Sunday, October 2, 2011

Make them eat their words...

It tends to be that only the favorites get all the coverage, for obvious reasons. However, sometimes reporters need to take a step back and assess the big picture. Just because you only follow one person doesn't mean that his the only person out there.

Then when sport directers and managers start bad-mouthing the individual athlete, things turn worse. The only thing the athlete has left to do is prove themself better than what people think.

Robert Gesink fires back at his critics

(http://www.cyclingnews.com/news/robert-gesink-fires-back-at-his-critics)

Robert Gesink of Rabobank is sick and tired of hearing that he cannot deal with adversity and that he crashes too often and has responded to his sports director Adri van Houwelingen, who recently criticised him publicly.

“As if I have not been proven in recent years that I can fight.,” he told De Volkskrant.  “I crashed in the Vuelta in 2009, but was still sixth overall.  What happened in the Tour has nothing to do with my mental toughness. Because there is nothing wrong with that. "

Gesink was one of many who crashed during the fifth stage of the Tour de France from Carhaix to Cap Fehel.  He finished the race 33rd, over an hour down on winner Cadel Evans (BMC).
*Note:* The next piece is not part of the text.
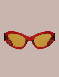 Oversized and upswept wrap-around frame in a semi-transparent Oxblood. Brown tinted lenses. Bespoke wavy temple shape with an embedded silver logo. Ribbed inner tip grips. Handcrafted from bio-circular acetate from recycled plastics. Five barrel hinges with coated safety screws. Complete with lens cloth and collapsible pyramid case. Lens cloth made with 100% recycled PET microfiber with custom artwork. Pyramid case made with 100% recycled leather-like PET black case with plush flocked lining and embossed custom branding. Produced in China.

Van Houwelingen touched a raw nerve with when he publicly said that Gesink often saw the glass as half empty rather than half full and that he had to work on his mental toughness.

"Something like that is the biggest bullshit comment you can give," said Gesink. "He may give his opinion in public. But if someone has a vision that just is not right, I notice that. For my teammates this has not been a subject. "

"It is not true that I crash more than others," Gesink insisted. “But that is what is reported.  Luis Leon Sanchez crashed six or seven times.  You hear nothing about that. Nobody knows how often someone like Bram Tankink hits the ground.  But I'm the one who gets the coverage.”

Gesink didn't help his case with a crash while training two weeks ago, when he fractured his femur.  Although he is now recovering, he probably won't be racing again until next April.

It won't keep the 25-year-old out of next year's Tour de France, though. He is determined to ride. “If only because I have to put things right.”